Under normal circumstances this use seems to have no problem, but if the high type requires a well-defined scene you need a process for converting.
In addition to object_hook
the parameters can also be usedjson.JSONEncoder
import json
class ComplexEncoder(json.JSONEncoder):
def default(self, obj):
if isinstance(obj, complex):
# 如果complex对象这里转成数组的形式
return [obj.real, obj.imag]
# 默认处理
return json.JSONEncoder.default(self, obj)

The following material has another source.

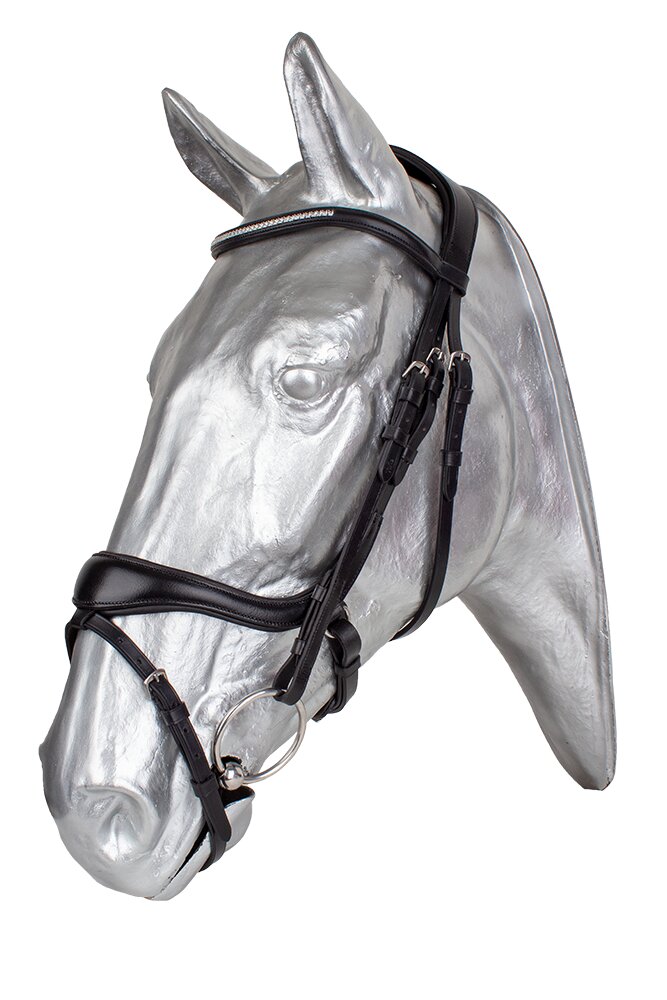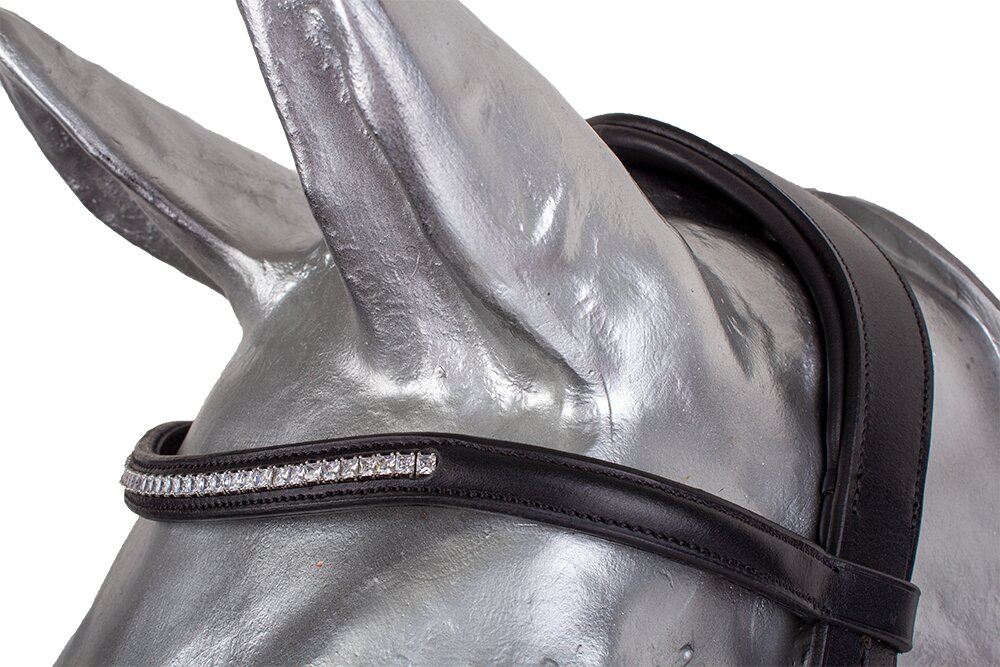 Anatomicky tvarovaná uzdečka s elegantní čelenkou zbobenou kamínky. Uzdečka má speciálně tvarovaný nánosník, který minimalizuje tlak na hlavní obličejové nervy.

if __name__ == '__main__':
c = json.dumps(2 + 1j, cls=ComplexEncoder)
print(type(c))
print(c)
# 执行结果
# <class 'str'>
# [2.0, 1.0]
Because the json
modules are not able to automatically complete sequence of all types, not for the type of support will directly thrown TypeError
.
>>> import datetime
>>> d = datetime.datetime.now()
>>> dct = {'birthday':d,'uid':124,'name':'jack'}
>>> dct
{'birthday': datetime.datetime(2019, 6, 14, 11, 16, 17, 434361), 'uid': 124, 'name': 'jack'}
>>> json.dumps(dct)
Traceback (most recent call last):
File "<pyshell#19>", line 1, in <module>
json.dumps(dct)
File "/Library/Frameworks/Python.framework/Versions/3.7/lib/python3.7/json/__init__.py", line 231, in dumps
return _default_encoder.encode(obj)
File "/Library/Frameworks/Python.framework/Versions/3.7/lib/python3.7/json/encoder.py", line 199, in encode
chunks = self.iterencode(o, _one_shot=True)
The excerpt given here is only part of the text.